:: COLLECTED DATA ::

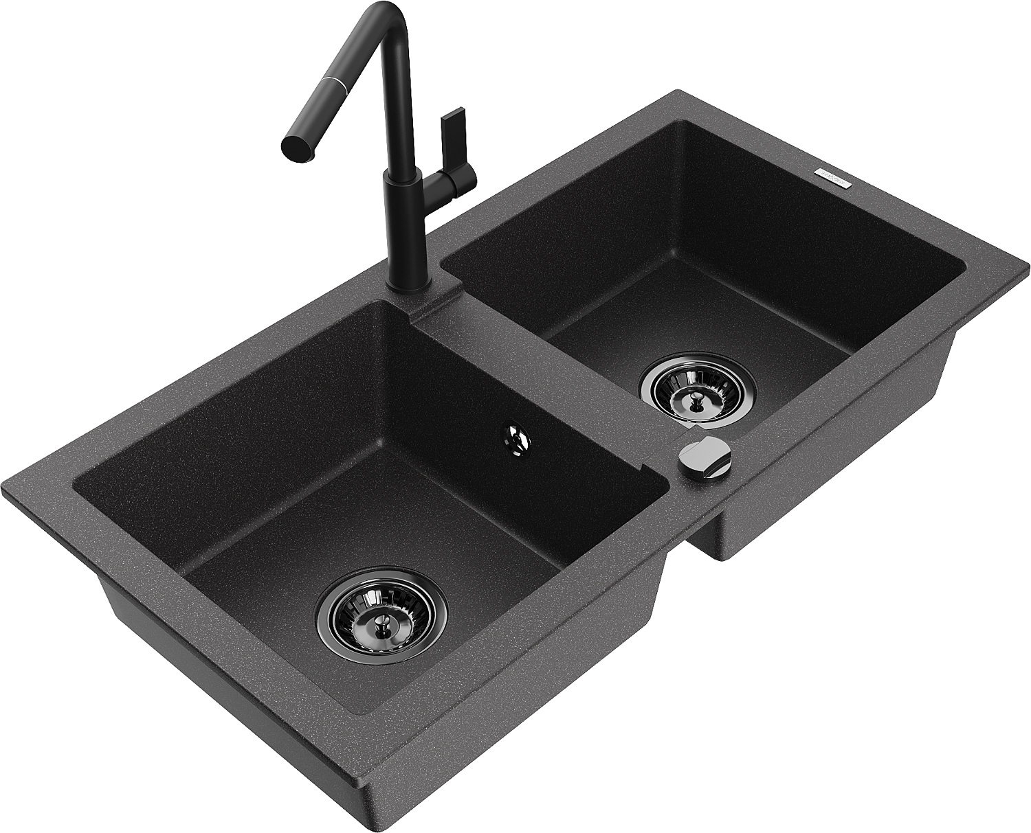 Mexen Mario gránit 2-medencés mosogató Flora konyhai csapteleppel, fekete, pöttyös - 6504-76-670401-70-B
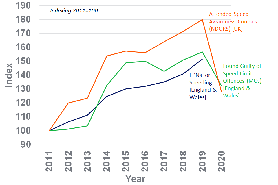The scope of the Home Office series includes those cases which resulted in either a FPN being issued to the driver, a driver retraining course (such as a speed awareness course) was attended by the individual, or cases where the individual faced court action.
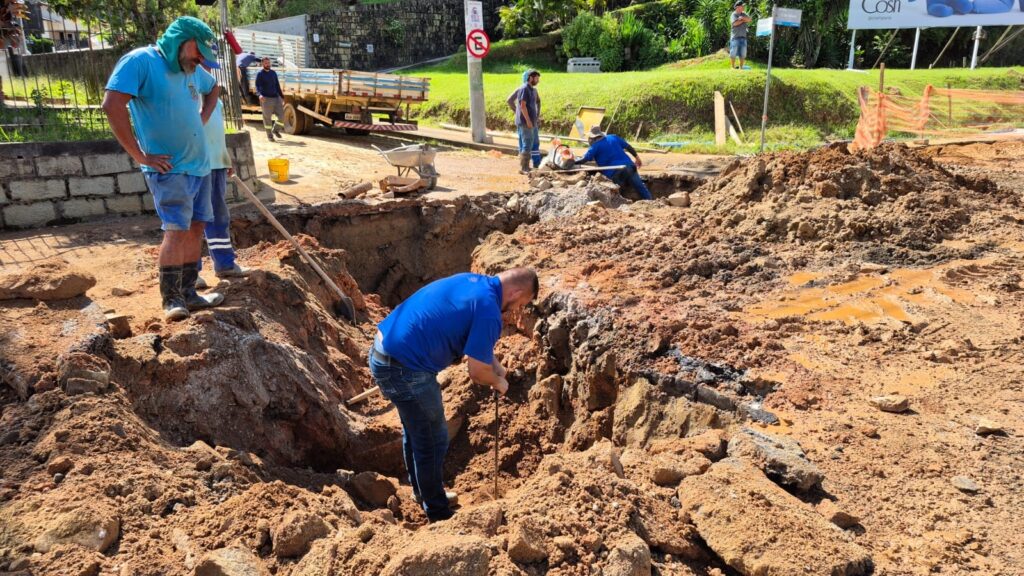 Nesta manhã de quarta-feira (21), durante os trabalhos de drenagem na rua Primeiro de Maio, aconteceu um rompimento na adutora da região. Para realizar o conserto será necessário interromper o abastecimento para regiões do bairro Primeiro de Maio e rua Nova Trento.
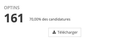 Cliquez sur l'onglet Télécharger du bloc "Optins" pour avoir un export CSV que vous pourrez très facilement importer sur votre gestionnaire d'envoi d'emailing.

:::

**GOAL OF THE EXERCISE**
Would you write out exactly the lines above, starting at the line containing "The scope of" and stopping after the line containing "Nesta manhã de"? Omit the pictures.

**ANSWER BOX**
The scope of the Home Office series includes those cases which resulted in either a FPN being issued to the driver, a driver retraining course (such as a speed awareness course) was attended by the individual, or cases where the individual faced court action.
 Nesta manhã de quarta-feira (21), durante os trabalhos de drenagem na rua Primeiro de Maio, aconteceu um rompimento na adutora da região. Para realizar o conserto será necessário interromper o abastecimento para regiões do bairro Primeiro de Maio e rua Nova Trento.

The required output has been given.